THE DEVIL’S PITCHFORK

by Mark Terry

Pub Date: Oct. 1st, 2006
ISBN: 0-7387-0883-6
Publisher: Midnight Ink/Llewellyn

Another apocalyptic hum-drummer, the one about a killer virus heisted by brilliant bad guys.

Chimera M13, bio-engineered in U.S. labs, is a nightmare. Preceded by bleeding from every orifice—don’t ask what happens to one’s internal organs—it kills within 12 hours: 100% infectious, 100% fatality rate. In the hands of the wrong people, the havoc-wreaking potential is obvious, and is it ever in the wrong hands.

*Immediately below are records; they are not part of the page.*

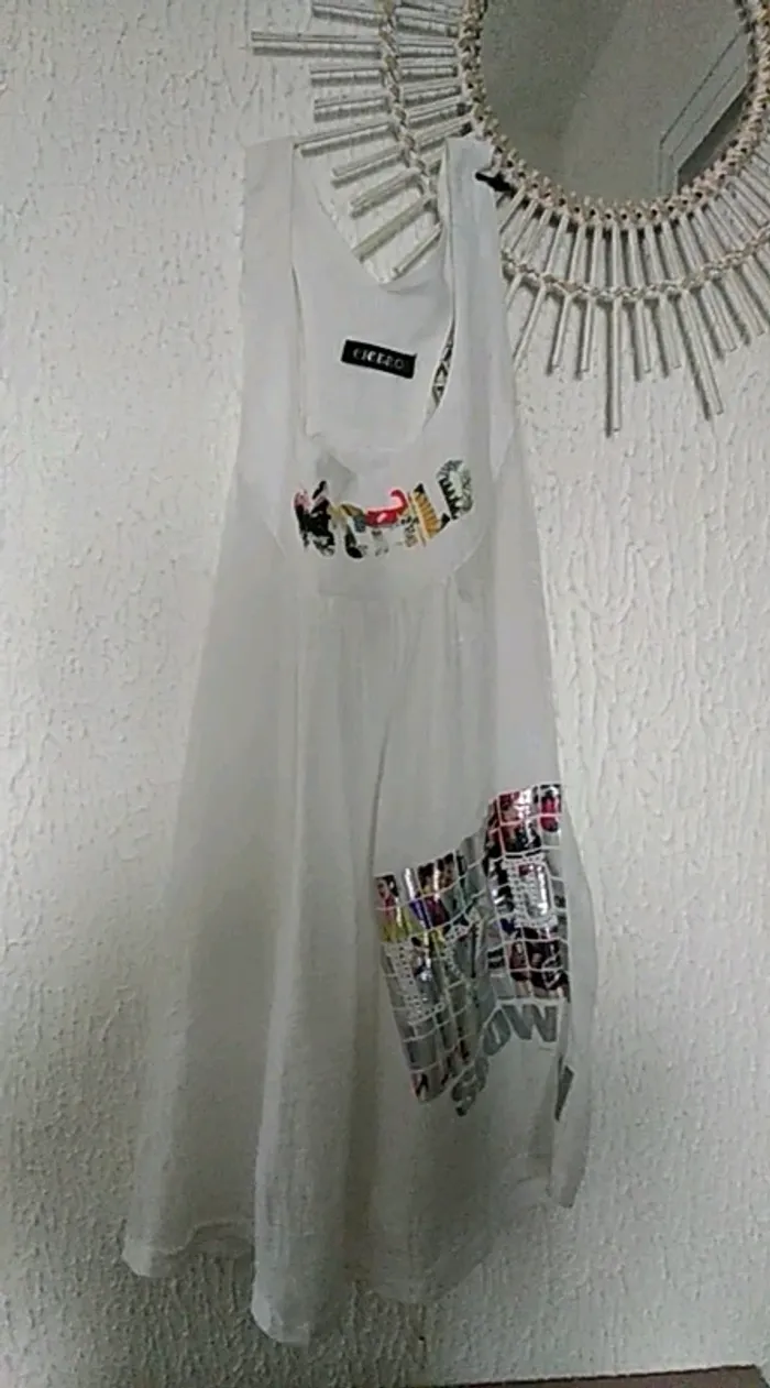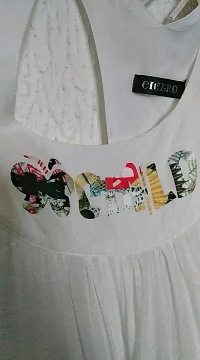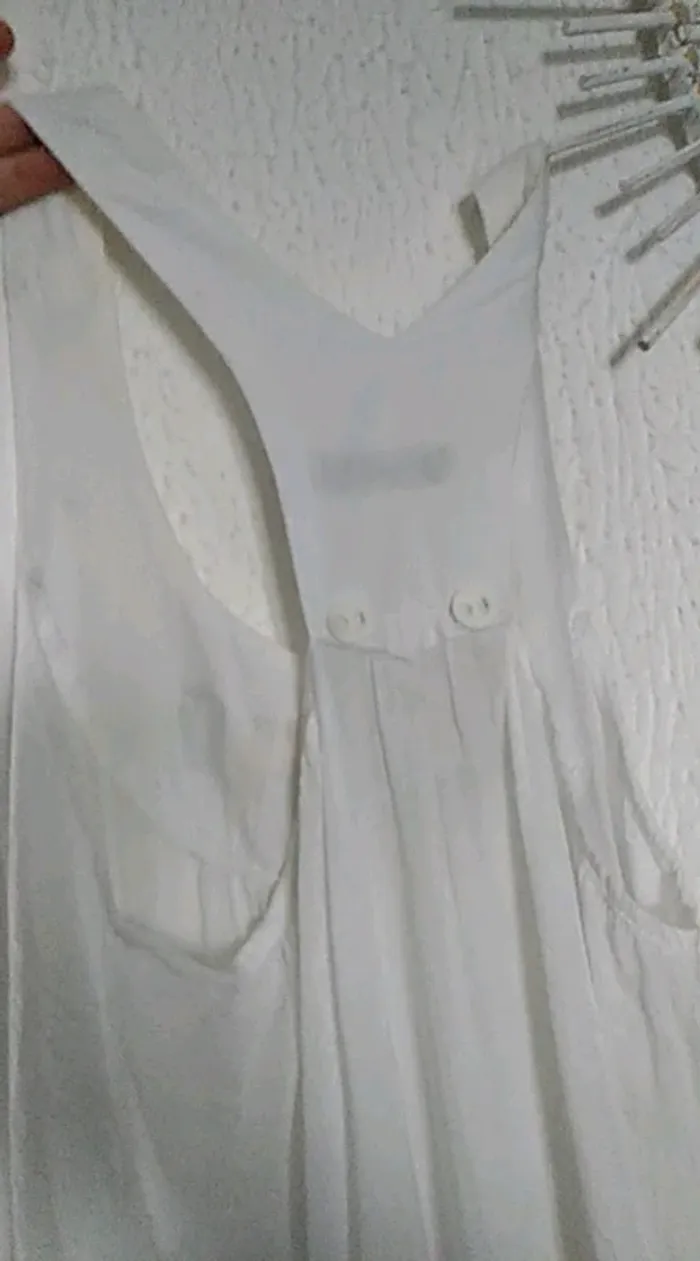 Tunique blanche sans manches pour l'été. De couleur blanche assez transparent voir la photo. Motif et strass. Bon état général voir sur les Bretelles la couleur est un peu passé d'où le prix bas. Taille unique correspond à un 38
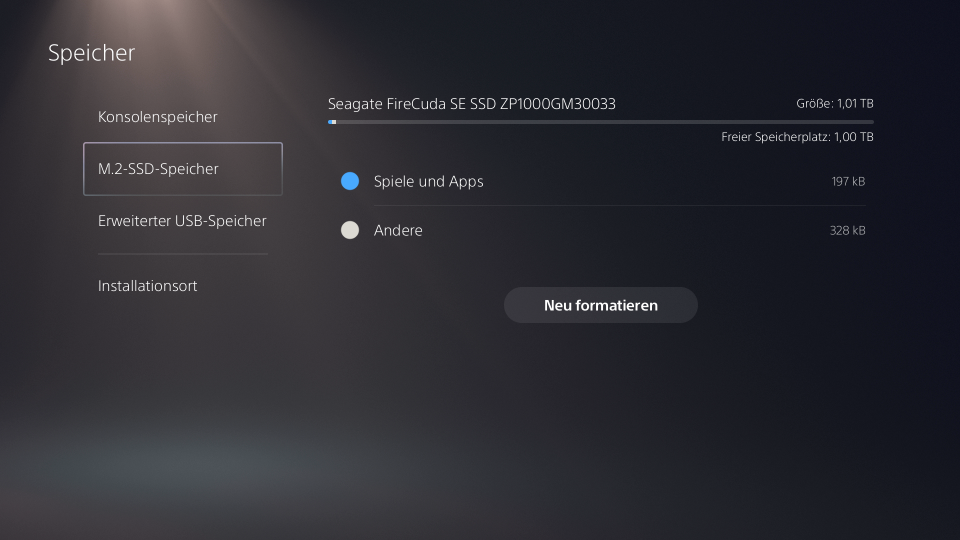 Die FireCuda 530 steht nun als M.2-Speicher zur Verfügung und ihr könnt mit dem Verschieben von Spielen aus dem internen Speicher beginnen. Habt ihr euch für ein Modell mit 2TB oder 4TB entschieden, solltet ihr im System einstellen, dass neue PS5-Games automatisch auch in den M.2-Speicher installiert werden. So erspart ihr euch einen Verschiebevorgang.
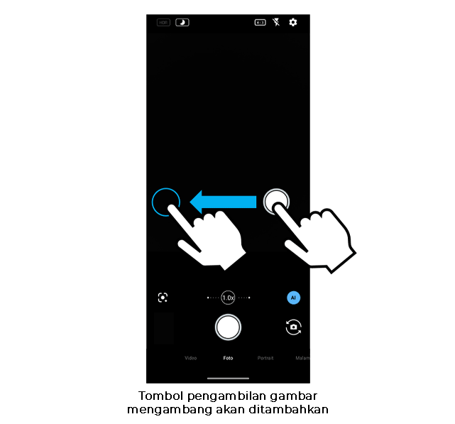 - Tombol shutter dapat dipindahkan ke lokasi yang mudah dijangkau oleh tangan Anda.

They call themselves “The Fallen Angels”—a terrorist faction with a heady range of destabilizing options suddenly available to them. Enter Derek Stillwater of Homeland Security, fat-in-the-fire troubleshooter. The brilliant bad guys are in possession of an authentic WMD—but what exactly are their intentions? Are they in it for the big bucks—a foray into the immensely profitable weapons market—or is the U.S. dealing with a pack of fanatical visionaries out to destroy the world in order to remake it in their own image? It’s this latter possibility that has Stillwater on the boil. Before the question can be answered definitively, however, he has to know a lot more about who he’s dealing with. Which means he’s forced to make the kind of WAG (“wild-assed guess”) that explains his unpopularity among certain of his by-the-book bosses. But the WAG pays off with the name of a former Gulf War colleague—Captain Richard Coffee: smart, tough, resourceful and extremely twisted, a good soldier gone seriously bad. Accompanied by the usual wholesale slaughter and scenes of sadistic interplay, the Stillwater-Coffee duel gets going in earnest with—what else?—the fate of the nation hanging in the balance.

Terry serves up stock characters and parboiled plotting, undermining a story that in surer hands might well have been scary.